## BRIEF
Produce a word-for-word copy of the listing below without its pictures.

## DATA SECTION
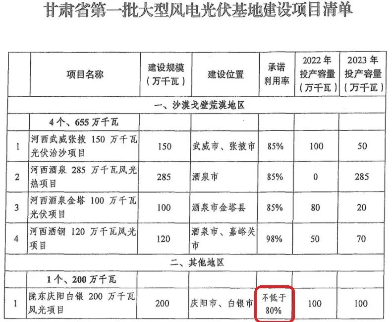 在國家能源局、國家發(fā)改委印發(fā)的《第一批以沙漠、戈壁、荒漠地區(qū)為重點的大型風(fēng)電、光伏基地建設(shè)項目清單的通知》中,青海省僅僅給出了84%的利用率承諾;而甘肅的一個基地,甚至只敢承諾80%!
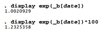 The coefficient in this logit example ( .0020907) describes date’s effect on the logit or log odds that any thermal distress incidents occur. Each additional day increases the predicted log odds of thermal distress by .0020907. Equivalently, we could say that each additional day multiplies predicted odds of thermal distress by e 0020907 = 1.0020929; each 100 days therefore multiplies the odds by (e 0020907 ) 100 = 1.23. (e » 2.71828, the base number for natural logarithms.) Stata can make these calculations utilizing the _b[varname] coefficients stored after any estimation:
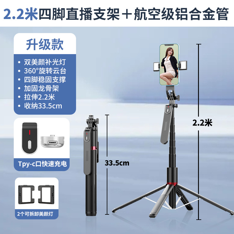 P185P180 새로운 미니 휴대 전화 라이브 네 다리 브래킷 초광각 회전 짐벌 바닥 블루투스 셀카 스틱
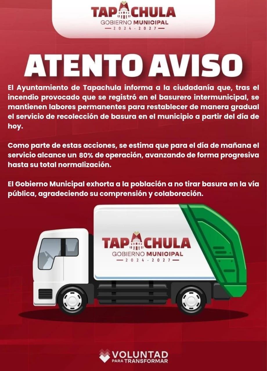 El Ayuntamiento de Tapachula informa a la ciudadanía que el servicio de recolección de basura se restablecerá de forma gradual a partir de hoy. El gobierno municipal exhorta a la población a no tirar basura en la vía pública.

## COMPLETED EXERCISE
 在國家能源局、國家發(fā)改委印發(fā)的《第一批以沙漠、戈壁、荒漠地區(qū)為重點的大型風(fēng)電、光伏基地建設(shè)項目清單的通知》中,青海省僅僅給出了84%的利用率承諾;而甘肅的一個基地,甚至只敢承諾80%!
 The coefficient in this logit example ( .0020907) describes date’s effect on the logit or log odds that any thermal distress incidents occur. Each additional day increases the predicted log odds of thermal distress by .0020907. Equivalently, we could say that each additional day multiplies predicted odds of thermal distress by e 0020907 = 1.0020929; each 100 days therefore multiplies the odds by (e 0020907 ) 100 = 1.23. (e » 2.71828, the base number for natural logarithms.) Stata can make these calculations utilizing the _b[varname] coefficients stored after any estimation:
 P185P180 새로운 미니 휴대 전화 라이브 네 다리 브래킷 초광각 회전 짐벌 바닥 블루투스 셀카 스틱
 El Ayuntamiento de Tapachula informa a la ciudadanía que el servicio de recolección de basura se restablecerá de forma gradual a partir de hoy. El gobierno municipal exhorta a la población a no tirar basura en la vía pública.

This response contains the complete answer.